# Wisdom Teeth



## Gordonovski (Jun 28, 2009)

Well I'm getting my wisdom teeth taken out tomorrow. What a joy! :madman: 

Just wondering how long it took others to recover and get back on the bike. Hopefully hitting the trails again next week, if time allows.


----------



## drdoak (Feb 7, 2005)

Wisdom teeth are usually pretty easy. You'll feel funky from the anesthesia for a day or two, but you should be back quickly. I only had two teeth taken out (the other two were mysteriously not there) and was riding 2 days after surgery.

Take a couple days off, watch some movies, and enjoy the pain meds!


----------



## Brentster (Jun 17, 2007)

The anesthesia nearly killed me. Imagine throwing up ALL night to the point of dry heaving, meanwhile, you're missing 4 teeth and bleeding. The sickest I've ever been.


----------



## Gordonovski (Jun 28, 2009)

That happened to me last night. Slept basically all night and then woke up and had to go take a leak. Ended up throwing up blood and other oddly coloured liquid. Worst pain I've ever felt in my mouth. Ever.


----------



## highdelll (Oct 3, 2008)

Anesthesia? what's that?
I had mine taken out under local - oh yeah, they were impacted too (below surface)
I was fine the next day - sounds awful though when they get pulled... though you nancy 'anesthesia' boys wouldn't know it -


----------



## Gordonovski (Jun 28, 2009)

They basically had to use anesthesia. After getting my wisdom teeth out they moved around some other teeth and pulled them up to the surface of the gum. Wisdom teeth weren't letting the other teeth in. And yeah, I have had multiple teeth pulled without anesthesia.


----------



## ebarker9 (Jul 10, 2006)

Definitely 2-3 days of significant discomfort, followed by a week or two of things feeling weird/slight discomfort, followed by a few months of your teeth shifting slightly. Riding? You could probably ride 3-4 days after, depending on how much bleeding there is and how much you enjoy riding with gauze in your mouth.


----------



## William_Cannon (May 5, 2009)

It really depends on what they had to do to get them out.


----------



## jmorgan6161 (Mar 13, 2008)

you'll be fine..i had all 4 of mine pulled and was good to go in about 3 days, even with gobbling up pain meds...


----------



## laxman2001 (Jun 1, 2009)

STBY.

I got laughing gas. The pain was mostly gone by the next morning, just a coppery taste in my mouth for a few days. 2 teeth were impacted, 2 weren't.


----------



## BadHabit (Jan 12, 2004)

Gordonovski said:


> Just wondering how long it took others to recover and get back on the bike.


1969; I self-medicated for that one. Could hardly say my name at the desk.

Doc said "Hmm..you're my best patient ever."

I smiled.

Was pretty hungry at home and tore open the stitches. Doc was less happy with me at 3 a.m. to stop the bleeding.
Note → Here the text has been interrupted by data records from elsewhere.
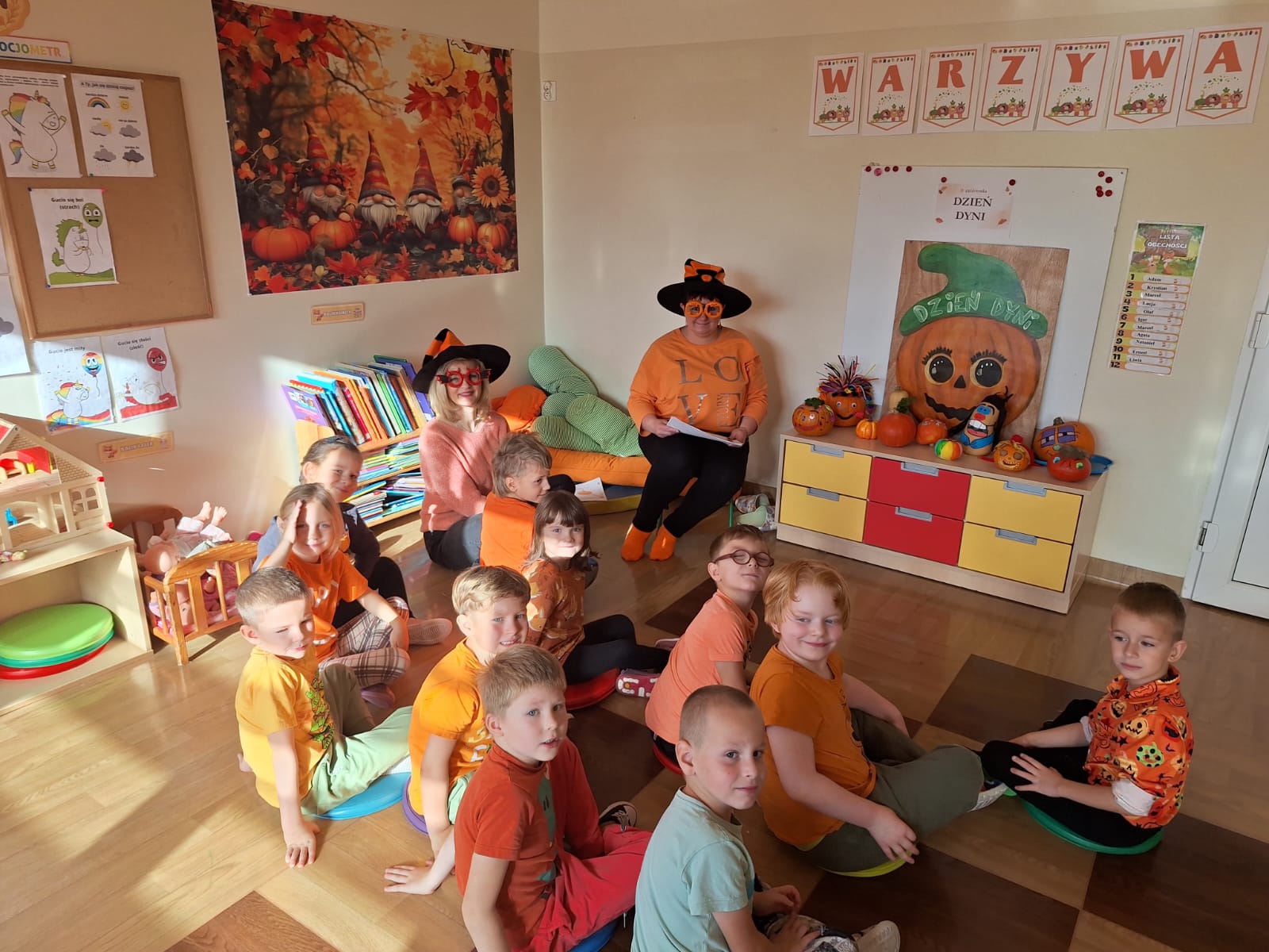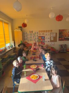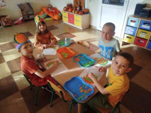 W ostatnim dniu października było Święto Dyni. Przy tej okazji poznaliśmy sporo ciekawostek o tym warzywie, bawiliśmy się wesoło i „dyniowo” w czasie zumby, wykleiliśmy kontur dyni odpowiednimi kolorami. Wspólnie oglądaliśmy dynie, ozdobione przez nas wcześniej. Wszystkie były bardzo ładnie i ciekawie udekorowane 🤩🎃.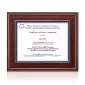 The smooth wood mahogany finish simple molding details of this certificate display give a dignified appearance for your distinguished achievement. 8.5" W x 11.0" H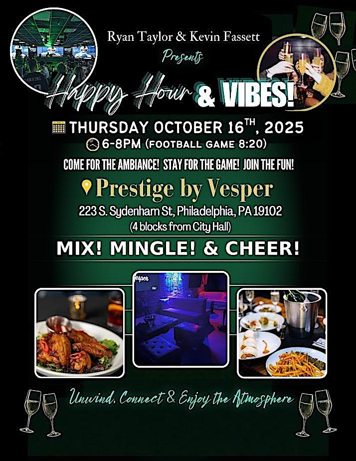 by admin13Feb Happy Hour & Vibes at Prestige by Vesper – Philadelphia, PA Happy Hour & Vibes at Prestige by Vesper – Philadelphia, PA 1 1 people viewed this event. An afterwork experience w/ Happy Hour, Thursday Night Football & a mix of good people & vibes! Tickets-RSVP Link Date And Time Thursday, March 19th, 2026 10:00 PM (PST) Venue Prestige by Vesper Location 223 South Sydenham Street, Philadelphia, PA 19102 Event Types Food & DrinkParty or Social Gathering Event Category PennsylvaniaPhiladelphia Share With Friends Facebook Twitter Linkedin Xing Pinterest Share This Post: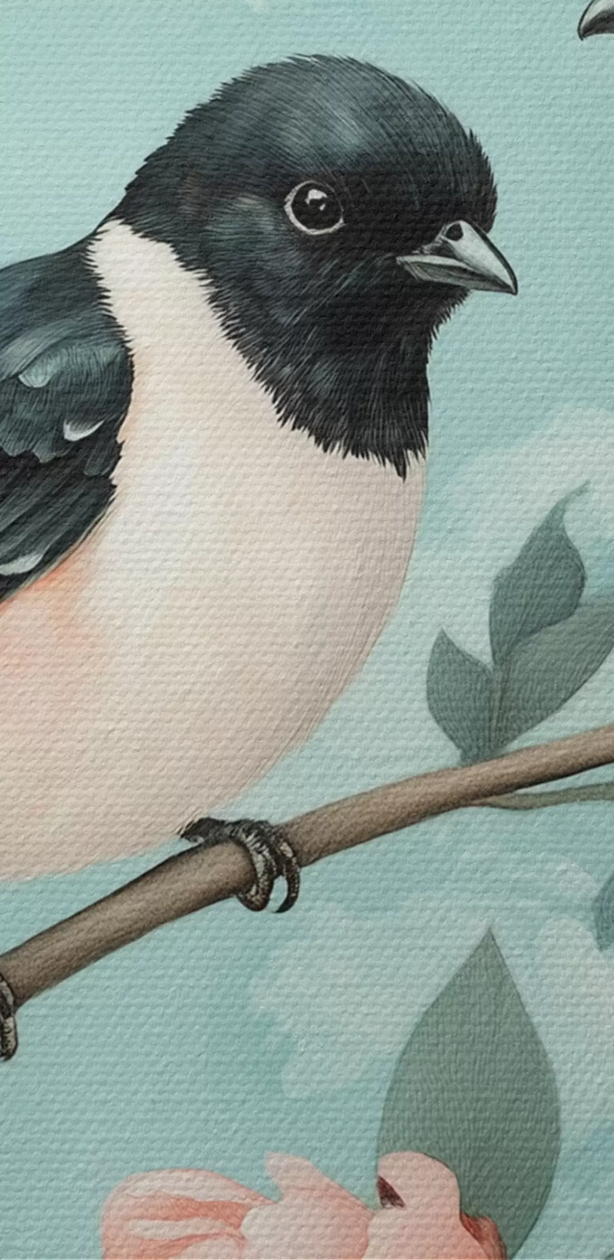 carta da parati Due uccelli sul ramo con peonie  nr. s44786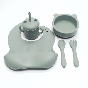 オリーブグリーン (リトルベアシリコンボウル+よだれかけ+カップ+フルシリコン+スプーン+フォーク)

Ah well. Even the dentist's dentist son has retired.


----------



## spec306 (Sep 30, 2007)

Stay away from anesthesia........made me really sick as well from other surgery's for several days. I wouldn't bother with laughing gas either. I had all 4 impacted (1 infected) wisdom teeth pulled with only Novocaine and it wasn't that bad. Small suggestion -- bring lip balm or Vaseline and slather it on before the doc gets started -- they will be working in there for a long time and it helps keep you from getting really chapped. You may have minor bleeding for a day or two and your jaw will be sore for a few days but should not be that bad. Stay away from aspirin as that is a blood thinner and may prolong the bleeding.


----------



## laxman2001 (Jun 1, 2009)

naw laughing gas is the ****.


----------



## spec306 (Sep 30, 2007)

laxman2001 said:


> naw laughing gas is the ****.


It is fun for sure but like anything else there are risks. I know of at least one doctor that killed a patient in the chair with too much Nitrous Oxide. If you really want to have fun with Nitrous gas simply get some whippet cartridges.


----------



## Lawson Raider (Jul 24, 2006)

I had 4 wisdom teeth taken out at once back years ago, 3 days I was good to go. I do have a 5th wisdom tooth that the doc said he could take out but it was up in the skull a bit, I said, Heck no, I'll come back if it hurts.


----------



## highdelll (Oct 3, 2008)

Lawson Raider said:


> I had 4 wisdom teeth taken out at once back years ago, 3 days I was good to go. I do have a 5th wisdom tooth that the doc said he could take out but it was up in the skull a bit, I said, Heck no, I'll come back if it hurts.


5??
what are you some kind of freak?!
:yikes: :lol:


----------



## HEMIjer (Jul 17, 2008)

Just got mine out, no anesthesia but took doc 2x as long as normal due to deep impacation on lowers. Seems 3-4 days might ok to ride so hopefully at least the road Sunday.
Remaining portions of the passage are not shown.